DATA FOR THE TASK:
--------------------------------------------------

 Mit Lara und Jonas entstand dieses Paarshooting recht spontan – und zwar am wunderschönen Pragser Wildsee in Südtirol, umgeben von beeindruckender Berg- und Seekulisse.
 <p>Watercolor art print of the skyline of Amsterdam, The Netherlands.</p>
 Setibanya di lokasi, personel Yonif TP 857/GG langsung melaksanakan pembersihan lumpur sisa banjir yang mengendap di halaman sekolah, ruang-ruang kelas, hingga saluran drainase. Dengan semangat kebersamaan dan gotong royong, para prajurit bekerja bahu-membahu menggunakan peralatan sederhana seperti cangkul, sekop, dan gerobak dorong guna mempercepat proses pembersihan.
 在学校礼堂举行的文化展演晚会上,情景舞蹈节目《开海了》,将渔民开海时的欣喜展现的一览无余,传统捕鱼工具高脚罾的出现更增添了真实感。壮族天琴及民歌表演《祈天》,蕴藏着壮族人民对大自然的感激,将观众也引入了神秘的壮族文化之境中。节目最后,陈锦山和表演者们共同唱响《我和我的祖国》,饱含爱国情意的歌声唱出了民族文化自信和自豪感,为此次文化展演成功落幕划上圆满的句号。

--------------------------------------------------

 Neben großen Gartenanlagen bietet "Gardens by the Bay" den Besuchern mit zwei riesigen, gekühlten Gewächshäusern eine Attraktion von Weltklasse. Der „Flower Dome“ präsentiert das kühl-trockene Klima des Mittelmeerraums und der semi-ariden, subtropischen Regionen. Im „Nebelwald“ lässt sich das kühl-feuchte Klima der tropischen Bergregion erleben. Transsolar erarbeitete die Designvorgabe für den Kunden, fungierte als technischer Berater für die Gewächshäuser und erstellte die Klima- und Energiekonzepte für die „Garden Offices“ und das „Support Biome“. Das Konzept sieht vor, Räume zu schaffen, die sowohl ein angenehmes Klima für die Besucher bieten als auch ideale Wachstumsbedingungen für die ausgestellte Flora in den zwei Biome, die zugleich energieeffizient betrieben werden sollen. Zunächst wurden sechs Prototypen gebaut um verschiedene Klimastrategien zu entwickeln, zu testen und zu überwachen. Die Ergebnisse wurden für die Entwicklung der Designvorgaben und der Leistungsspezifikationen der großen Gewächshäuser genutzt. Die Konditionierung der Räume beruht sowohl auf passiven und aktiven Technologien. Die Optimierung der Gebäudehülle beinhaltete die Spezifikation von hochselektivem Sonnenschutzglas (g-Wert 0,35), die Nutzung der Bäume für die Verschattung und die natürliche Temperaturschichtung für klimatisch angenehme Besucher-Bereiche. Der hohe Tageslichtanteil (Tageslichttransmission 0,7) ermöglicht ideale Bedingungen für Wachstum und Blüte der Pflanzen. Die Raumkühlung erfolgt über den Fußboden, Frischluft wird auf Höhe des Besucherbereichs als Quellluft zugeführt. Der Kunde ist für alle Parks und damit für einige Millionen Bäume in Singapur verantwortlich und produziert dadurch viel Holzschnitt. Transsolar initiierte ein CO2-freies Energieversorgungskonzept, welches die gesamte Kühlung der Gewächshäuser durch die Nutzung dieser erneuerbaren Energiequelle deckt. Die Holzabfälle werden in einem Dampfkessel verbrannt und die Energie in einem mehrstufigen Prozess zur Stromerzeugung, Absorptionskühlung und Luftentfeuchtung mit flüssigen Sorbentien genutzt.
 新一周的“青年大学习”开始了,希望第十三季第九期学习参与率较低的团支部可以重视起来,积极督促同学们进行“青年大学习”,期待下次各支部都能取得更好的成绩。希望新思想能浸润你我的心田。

--------------------------------------------------

WHAT IS EXPECTED:
Using only the listing above, restate exactly the lines from the line containing "Mit Lara und" through the line containing "Setibanya di lokasi, personel", both included.

RESULT:
 Mit Lara und Jonas entstand dieses Paarshooting recht spontan – und zwar am wunderschönen Pragser Wildsee in Südtirol, umgeben von beeindruckender Berg- und Seekulisse.
 <p>Watercolor art print of the skyline of Amsterdam, The Netherlands.</p>
 Setibanya di lokasi, personel Yonif TP 857/GG langsung melaksanakan pembersihan lumpur sisa banjir yang mengendap di halaman sekolah, ruang-ruang kelas, hingga saluran drainase. Dengan semangat kebersamaan dan gotong royong, para prajurit bekerja bahu-membahu menggunakan peralatan sederhana seperti cangkul, sekop, dan gerobak dorong guna mempercepat proses pembersihan.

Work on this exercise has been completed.